And when i try to engage with some accounts i got a "thanks" feedback. Lol
Its hard for me create this kind of discussion and engagement... But I'm working to improve it creating some disclosure and questions asked
We are used to comment with 'fist' - 'nice' - 'good' - or any others ine world comment... But sure we all going to change it, engaging with more meaningful comments and respect. Also Lot of haters behind anonymous profiles
I think that is the typical response. As mentioned, we often do thanks or good, and people will do it too. It is quite difficult to engage. I agree that it is on how we put out our comments that can ignite conversation. I think that your doing the rigth thing to find something to ask or some disclosure. It is on our nature to respond to whom we know or for some, who they can benefit with. It is always in the two side of a coin. Yeah, anonimosity can also hinder engagement. Have some !PIZZA
Maybe those are the only comments the person can afford to give anyway. You don't have to take it personal that someone out there didn't reciprocate the same level of value you give or more. It's just their preference to give you that amount due at that period for your time.
To expect people to give meaningful comments and be engaging is a recipe for disappointment. Rather, I think it's better to appreciate that even when they failed to meet your expectations, some acts of reciprocating attention were made than ignore you completely.
It's not all the time that people have something valuable to say to add to the conversation so an emoji fist bump is a neutral way of saying agreement and acknowledgement without admitting I got nothing to add to the discussion.
I totally agree.
Sometimes just few words are the right amount.
But when we are talking about build an audience and engage, it's good to try create that discussion on your post and attack more people for that discussion.
Otherwise you are missing people that tried to engage and you didn't follow the flow.
I think part of the reason is having an cross cultural insight to how the other person perceives flow. I mean, we can come from different cultures and each culture has their own manner of communicating disagreement from subtle to overt ways and it's expounded by the change in vocabulary. And sometimes people just don't want to put more energy on areas they can already agree or disagree on.

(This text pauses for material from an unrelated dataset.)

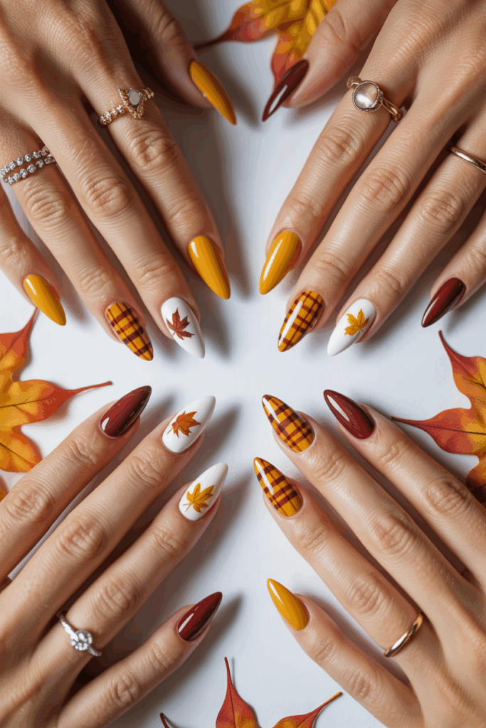 Plaid and checkered nails highlight the season’s affinity for cozy fabrics with crisp lines and contrasting colors. Popular palettes include deep reds, forest greens, mustard yellows, and browns.
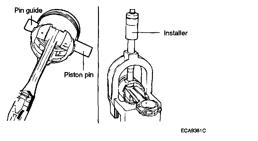 3. Check that the piston pin fits in the piston pin hole. Replace any piston and pin assembly that is defective. The piston pin must be smoothly pressed by hand into the pin hole (at room temperature).

To be fully invested in a discussion and expecting the other to reciprocate that attention given online is just common courtesy but it happening online also means it may be asking too much. From both sides of the coin I can weigh in and excuse people for bailing out on the discussion no matter how invested I am into it, just cause they probably don't have the time to spare to dwell on it and that's perfectly natural.
Building and engaging is like a joke, it can be hit or miss and ones best bet is appealing to the general areas where mutual agreement can be reached rather than find resolution to a conflict that they may not be invested in the discussion at hand.